The market share of medical textiles is on a sharp increase, owing to the increasing number of elderly people as well as due advances that have been taking place in this sector. With an increase in our knowledge of internal workings of our body and the relentless inquisitiveness of the researchers fuelled by huge amounts of grants by various institutes, organisations and governments have led to some ground-breaking advancements in medical textiles.
Advancements In Meditech
Tissue engineering approaches have been increasingly considered for the repair of non-union fractions, craniofacial reconstruction or large bone defect replacements. The design of complex biomaterials and successful engineering of 3-dimensional tissue constructs is of paramount importance to meet this clinical need. Conductive scaffolds, based on conjugated polymers, present interesting candidates to address the piezoelectric properties of bone tissue and to induce enhanced osteogenesis upon implantation.
However, conductive scaffolds have not been investigated in vitro in great measure. To this end, A highly porous, electrically conductive scaffold based on PEDOT: PSS, and provide evidence that this purely synthetic material is a promising candidate for bone tissue engineering.
Conjugated polymers, in particular, poly(3,4-ethylenedioxythiophene) polystyrene sulfonate (PEDOT:PSS), have been numerously reported as potential candidates for biomedical applications and it has been hypothesised that they would present an ideal substrate for the growth and electrical stimulationof various cell types, most prominently osteogenic cells.
Actual long-term in vitro studies and evaluations of PEDOT:PSS as osteoinductive scaffolds are far fewer than the amount of published studies on material characterisation in other fields. To the best of our knowledge known, this is the first report of the differentiation of osteogenic precursor cells into mature, mineralised osteoblasts on a porous PEDOT:PSS scaffold.
Conductive or conjugated polymers have found wide application in multiple fields, including photovoltaics, optoelectronics, biosensors, and regenerative medicine. Polypyrrole(PPy), polyaniline (PANi), or PEDOT, among other polythiophene derivatives, are of utility as electroactive substrates or scaffolds for tissue engineering applications. The intrinsic conductivity of these conjugated systems is, however, as low as 10-7 to 10-11 S·cm-1 and it is the process of doping that converts these materials into conductors.
Controlling the size, charge, and stability of the counter ions is of paramount importance to control and fine-tune the electrochemical properties of the material and this has a major effect on the in vitro or in vivo performance of such conductive scaffolds. In this context, the ionomer mixture of PEDOT:PSS is particularly interesting due to its stability, cytocompatibility and conductivity.

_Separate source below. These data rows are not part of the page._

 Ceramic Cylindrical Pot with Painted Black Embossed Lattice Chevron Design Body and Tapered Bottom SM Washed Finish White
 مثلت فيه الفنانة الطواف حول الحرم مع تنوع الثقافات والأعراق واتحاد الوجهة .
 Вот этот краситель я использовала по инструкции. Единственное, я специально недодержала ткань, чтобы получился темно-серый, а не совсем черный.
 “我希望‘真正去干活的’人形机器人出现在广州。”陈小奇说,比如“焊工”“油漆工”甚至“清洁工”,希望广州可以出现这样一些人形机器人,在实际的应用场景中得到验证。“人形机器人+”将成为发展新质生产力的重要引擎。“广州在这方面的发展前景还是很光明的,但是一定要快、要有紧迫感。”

The electrical properties can be further improved by solvent treatment or the addition of secondary dopants, rendering this system highly versatile for research purposes. PEDOT:PSS dispersions are furthermore commercially available and present high processability. Recent studies by Shahini et al., and Wan et al., reported on an ice-templating method to process dispersions of PEDOT:PSS into porous, three-dimensional scaffolds, allowing for their use in tissue engineering.
Large-scale bone defects, such as non-healing fractures, bone tumour ablations, bullet wounds, craniofacial surgery and reconstruction, all occur at high prevalence and impose significant physical and psychological discomfort to patients. Countless research efforts target the regeneration of existing bone or replacement of lost bone by complex biomaterials and tissue engineering approaches and the implantation of ex vivo generated bone tissue.

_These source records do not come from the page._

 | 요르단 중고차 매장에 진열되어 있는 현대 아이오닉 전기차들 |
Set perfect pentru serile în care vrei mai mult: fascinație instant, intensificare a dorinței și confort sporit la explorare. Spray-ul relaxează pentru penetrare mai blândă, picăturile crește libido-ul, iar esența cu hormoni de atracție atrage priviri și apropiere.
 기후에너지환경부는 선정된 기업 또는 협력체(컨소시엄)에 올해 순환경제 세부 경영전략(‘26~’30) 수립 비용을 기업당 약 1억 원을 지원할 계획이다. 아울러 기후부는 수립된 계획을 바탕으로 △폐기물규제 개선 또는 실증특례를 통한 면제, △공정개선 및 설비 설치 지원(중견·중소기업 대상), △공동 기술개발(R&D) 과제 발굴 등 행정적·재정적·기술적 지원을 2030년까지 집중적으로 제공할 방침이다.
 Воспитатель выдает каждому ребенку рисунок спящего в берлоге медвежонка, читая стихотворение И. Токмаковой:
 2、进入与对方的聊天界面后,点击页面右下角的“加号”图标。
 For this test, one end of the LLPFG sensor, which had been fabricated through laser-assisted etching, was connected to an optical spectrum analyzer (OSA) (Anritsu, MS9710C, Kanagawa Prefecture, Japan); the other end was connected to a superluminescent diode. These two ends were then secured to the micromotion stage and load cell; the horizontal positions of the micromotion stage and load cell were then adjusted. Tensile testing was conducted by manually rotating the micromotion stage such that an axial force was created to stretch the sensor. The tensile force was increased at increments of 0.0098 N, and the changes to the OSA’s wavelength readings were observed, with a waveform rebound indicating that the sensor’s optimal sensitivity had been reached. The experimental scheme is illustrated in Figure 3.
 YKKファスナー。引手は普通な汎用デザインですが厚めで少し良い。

In 1970, Fukada and Yasuda reported that bone has inherent piezoelectric properties, suggesting that electrical stimulation would enhance the fusion of non-union bone fractures or increase healing rates. Based on clinical trials, or in vitro evaluations, no consensus on the required field strength, wave-form, amplitude or duration could be reached, but there is growing evidence that external electrical stimulation has an effect on cell proliferation, migration, and mineralisation.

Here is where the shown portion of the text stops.